# EXERCISE DATA
****************************************

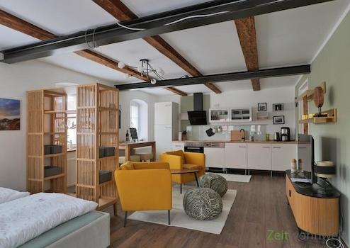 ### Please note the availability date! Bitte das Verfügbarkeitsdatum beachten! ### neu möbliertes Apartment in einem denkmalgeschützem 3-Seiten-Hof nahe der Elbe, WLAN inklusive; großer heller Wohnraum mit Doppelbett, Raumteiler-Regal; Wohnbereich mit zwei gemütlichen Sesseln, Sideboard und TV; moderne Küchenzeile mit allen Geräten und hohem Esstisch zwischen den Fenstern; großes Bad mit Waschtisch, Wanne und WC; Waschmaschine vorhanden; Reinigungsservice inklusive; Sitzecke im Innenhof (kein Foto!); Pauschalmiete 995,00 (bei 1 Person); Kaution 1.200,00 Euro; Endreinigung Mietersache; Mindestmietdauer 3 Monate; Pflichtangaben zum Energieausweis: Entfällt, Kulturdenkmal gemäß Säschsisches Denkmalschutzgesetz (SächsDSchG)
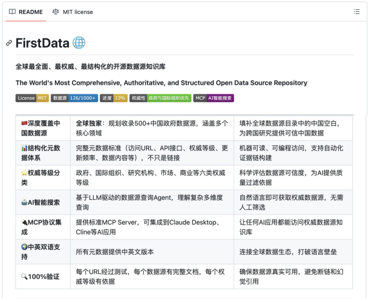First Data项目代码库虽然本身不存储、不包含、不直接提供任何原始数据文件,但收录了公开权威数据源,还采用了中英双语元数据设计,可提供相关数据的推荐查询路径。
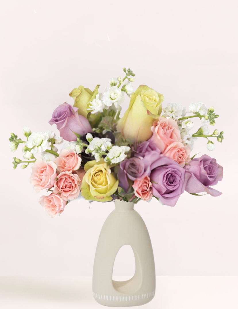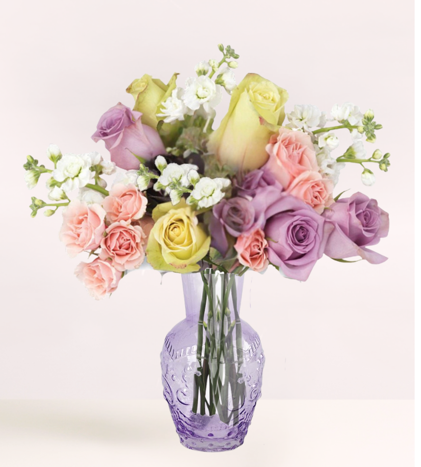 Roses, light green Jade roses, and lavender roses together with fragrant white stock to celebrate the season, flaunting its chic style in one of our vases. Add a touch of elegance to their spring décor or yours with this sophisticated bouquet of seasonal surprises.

****************************************

# THE PROBLEM
The copy has to start at the line that contains "First Data项目代码" and end at the last line of the material above, matching the original exactly and holding no pictures.

# TASK RESULT
First Data项目代码库虽然本身不存储、不包含、不直接提供任何原始数据文件,但收录了公开权威数据源,还采用了中英双语元数据设计,可提供相关数据的推荐查询路径。
 Roses, light green Jade roses, and lavender roses together with fragrant white stock to celebrate the season, flaunting its chic style in one of our vases. Add a touch of elegance to their spring décor or yours with this sophisticated bouquet of seasonal surprises.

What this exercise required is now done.